For years, firefighters have been risking their lives to ensure people get rescued, their beloved pets make it out safe, and homes are salvaged.
However, firefighters can only do so much when obstacles prevent them from putting out the difficult fires. CNNMoney recalled a crash that happened in 2008 when a plane crashed onto an American airbase in Guam. When firefighters tried to put out the fire, they could only get through so far before the plane was destroyed in the blaze.
Since then, the U.S. Air Force has been trying to come up with ways for firefighters to put out fires regardless of the objects in their way.
The PyroLance is the latest tool firefighters can use to help them put out difficult fires.
The website describes the item as "us[ing] pressurized water with a non-metallic aggregate, it is completely non-heat producing and does not generate sparks. This gives PyroLance the ability to quickly breach and/or cut most types of materials without creating any additional heat or sparks. In addition, without the requirement of any other tools, it becomes both a defensive and offensive fire attack tool."
Once the gun penetrates the surface, it sprays the space with water and reduces the temperature from 1,500 F to 200 F. The "rapid reduction in temperature occurs without introducing large amounts of oxygen, which greatly reduces the likelihood of flashover or backdraft.
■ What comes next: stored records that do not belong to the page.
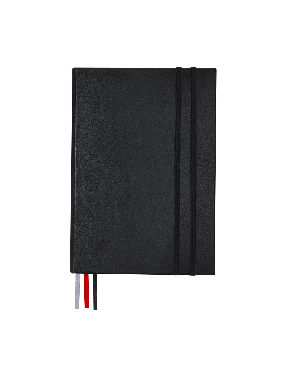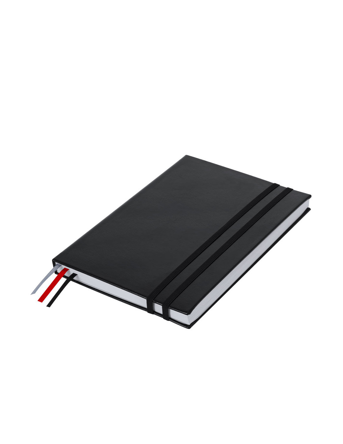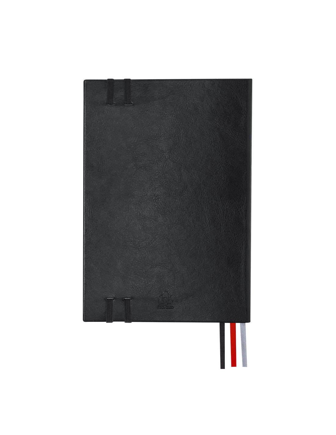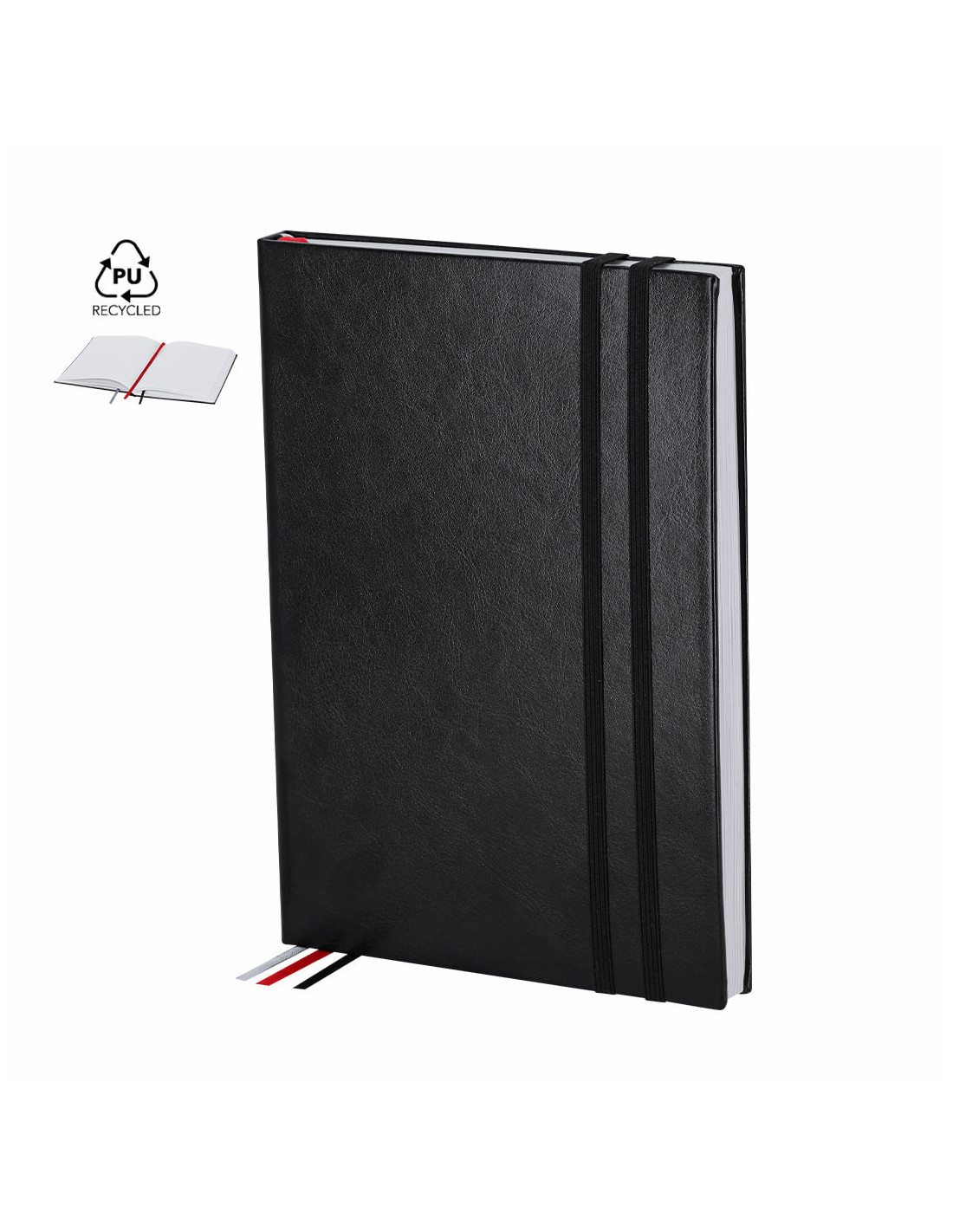 Bloc de notas tamaño A5 con cubiertas rígidas y suaves, elaborado en PU reciclada y RPET, combinando durabilidad y sostenibilidad. Cuenta con 128 hojas blancas a rayas, práctico bolsillo interior para notas sueltas y tres marcapáginas en cinta de colores (negro, rojo y gris) para una planificación diaria eficaz. Incluye doble cinta elástica de cierre a juego y distintivo de PU reciclado, destacando por su resistencia y elasticidad. Ideal para llevar un diario, organizar el día a día o utilizar como bloc de notas en la oficina o en eventos promocionales. Medidas: 21,2 x 14,6 x 2 cm.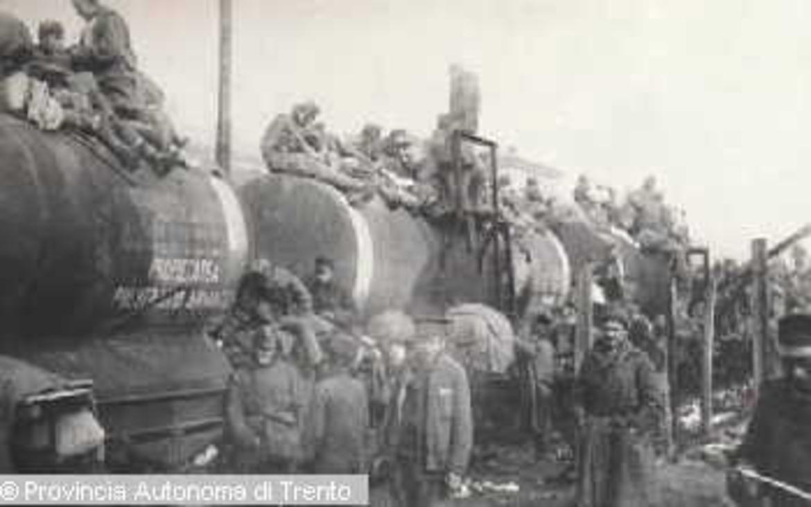 BOLZANO, STAZIONE FERROVIARIA. TRENO MERCI CARICO DI UOMINI IN DIVISA MILITARE AUSTRIACA. NOV. 1918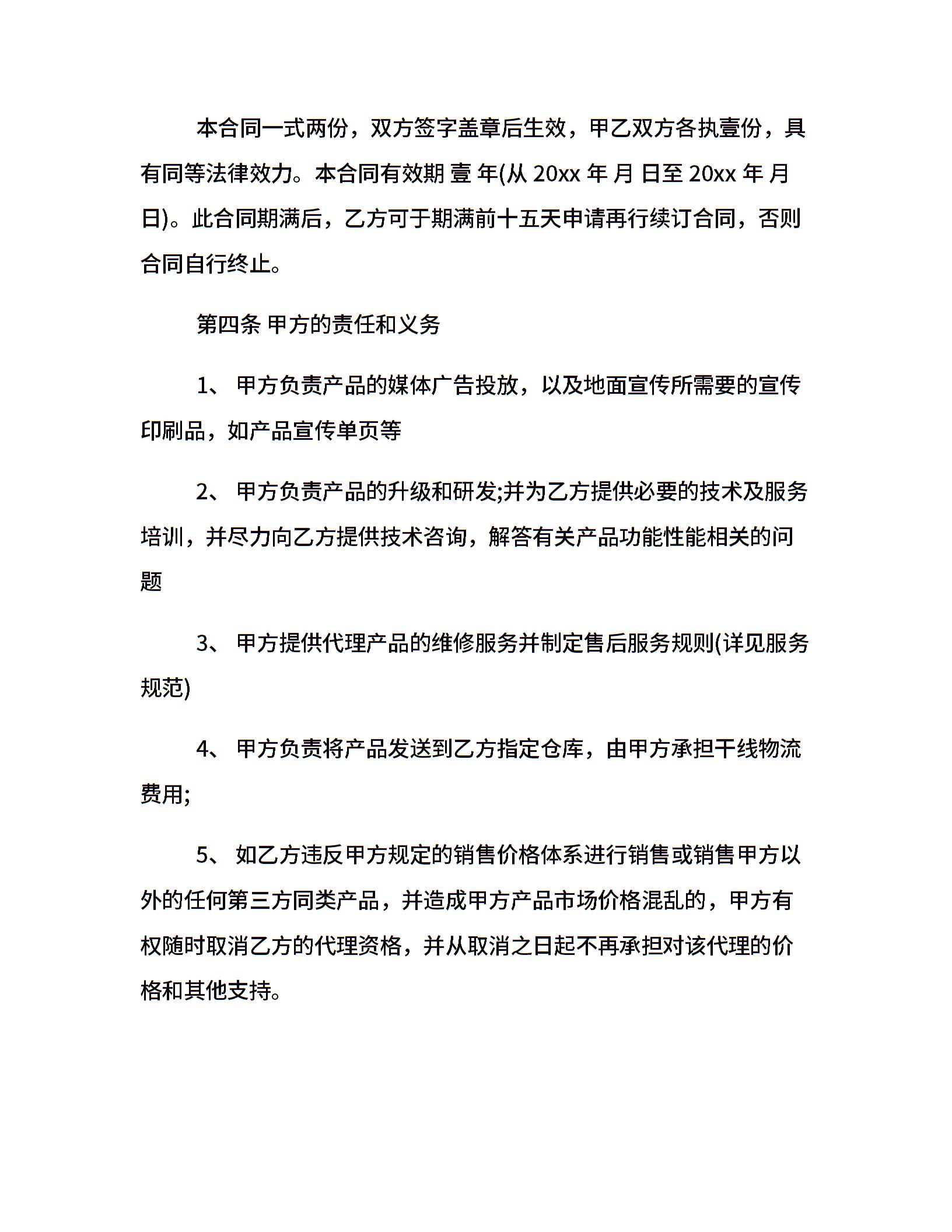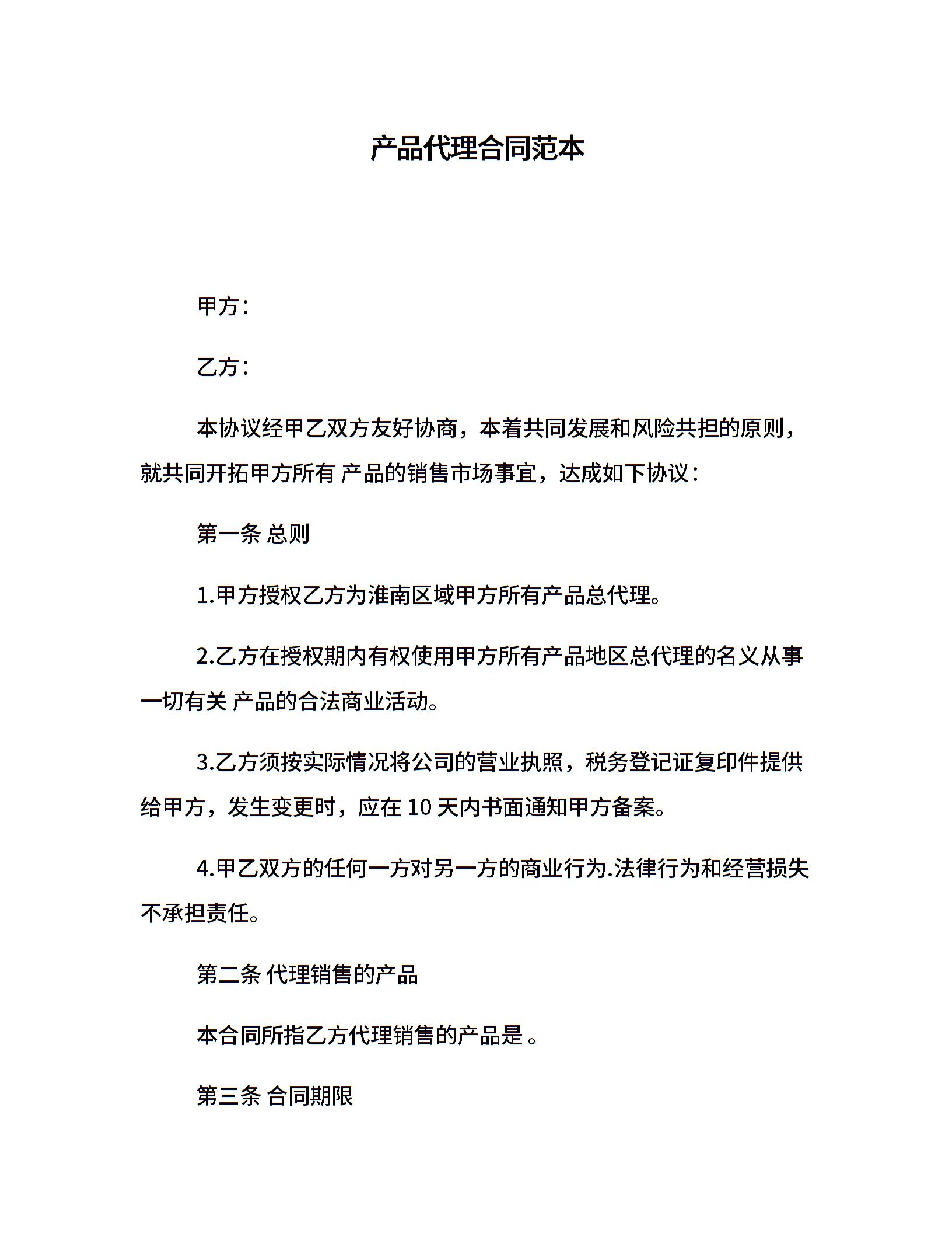 产品代理合同范本

Firefighters can manage the thermal layer while remaining outside in a safe, shielded, defensive position."
The PyroLance can pierce through a variety of materials such as aluminum, plywood, brick, and plate steel. The time it takes to pierce through each material is dependent on what it is. It takes about 10 seconds to pierce through aluminum while it takes closer to a minute for it to get through plate steel.
Scott Alexander, the president of PyroLance, also spoke with CNNMoney and told them, "The reality is we're trying to keep [firefighters] safe." He added that the company has been supplying the Air Force with the PyroLance for five years, and the tool has since been adopted by the U.S. Navy.
The PyroLance costs anywhere between $15,000 - $80,000 and Alexander hopes to sell another 350 units over the next year.
The PyroLance is bringing firefighters one step closer to ensuring the safety of people everywhere.